HAZMAT decontamination tent has multiple uses

by Wes Mayer

The decontamination tent is one of the Coweta County Fire Department Hazardous Materials team’s most important pieces of equipment — it serves many purposes and helps save lives.

In one recent incident, after an employee of a local business opened an envelope and discovered a white powder inside, all seven employees inside the business were under risk of being contaminated. When the fire department responded, their decontamination tent was deployed, and the employees were immediately sent through it.

The decontamination tent is fitted with its own plumbing and lighting, and can be inflated with a single air pump — or using firefighters’ single air tanks — in as little as five minutes, Flanagan said.
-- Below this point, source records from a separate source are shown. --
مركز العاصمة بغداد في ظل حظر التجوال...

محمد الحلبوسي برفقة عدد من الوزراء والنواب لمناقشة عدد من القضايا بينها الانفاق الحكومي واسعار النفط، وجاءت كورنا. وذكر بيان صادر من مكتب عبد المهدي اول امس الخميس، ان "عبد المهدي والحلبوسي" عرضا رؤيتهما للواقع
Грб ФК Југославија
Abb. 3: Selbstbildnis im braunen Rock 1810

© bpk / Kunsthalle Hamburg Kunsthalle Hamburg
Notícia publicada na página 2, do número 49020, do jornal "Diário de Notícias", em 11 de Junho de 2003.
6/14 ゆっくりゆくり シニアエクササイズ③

Inside the tent, up to six different areas can be walled off for privacy with two routes for people to be sent through for decontamination.

With an incident like the suspicious white powder, Flanagan said emergency responders will first talk to the direct victims who had contact with the substance and learn if there was any threat with the powder, where the victims exactly came into contact with the powder, and if there are any reactions or noticeable irritations. They will also try to take a sample of the substance and run it through their computer on their vehicle, HAZMAT 1, in order to identify it.
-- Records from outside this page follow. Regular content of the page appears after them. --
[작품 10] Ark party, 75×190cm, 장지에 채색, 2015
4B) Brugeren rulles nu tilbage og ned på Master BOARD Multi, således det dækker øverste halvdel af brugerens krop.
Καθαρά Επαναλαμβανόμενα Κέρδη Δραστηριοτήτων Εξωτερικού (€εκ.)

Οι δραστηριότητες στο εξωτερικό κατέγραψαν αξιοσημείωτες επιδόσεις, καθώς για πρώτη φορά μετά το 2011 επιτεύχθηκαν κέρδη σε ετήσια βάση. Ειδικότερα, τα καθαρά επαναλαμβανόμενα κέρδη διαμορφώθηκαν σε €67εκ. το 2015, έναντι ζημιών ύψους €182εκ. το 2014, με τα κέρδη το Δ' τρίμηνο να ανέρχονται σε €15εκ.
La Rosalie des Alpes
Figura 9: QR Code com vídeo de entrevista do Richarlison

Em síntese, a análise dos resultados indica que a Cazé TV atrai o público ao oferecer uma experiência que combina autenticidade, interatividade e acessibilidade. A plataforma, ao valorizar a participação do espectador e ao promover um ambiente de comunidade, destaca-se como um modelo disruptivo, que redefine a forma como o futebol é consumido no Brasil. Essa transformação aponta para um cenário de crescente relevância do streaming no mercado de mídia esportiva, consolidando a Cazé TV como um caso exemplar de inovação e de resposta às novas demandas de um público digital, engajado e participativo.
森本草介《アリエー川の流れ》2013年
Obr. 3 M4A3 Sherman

To decontaminate the employees, the firefighters used a dilution method. The employees stepped into the tent in the first enclosed room, took off their clothes and were flushed with water, either using a handheld shower hose or being sprayed through spouts in the tent — firefighters compare it to going through a car wash. Flanagan said the tent is capable of heating water, but if it’s an emergency, the water is going to be cold.

The tent also has mats on the floors that sift and collect all the potentially hazardous substances on the victims. The water used in the tent can come from any fire department vehicle, and the “gray” water that comes out of the tent can either go back into another vehicle or into a separate reservoir so the water can be properly disposed.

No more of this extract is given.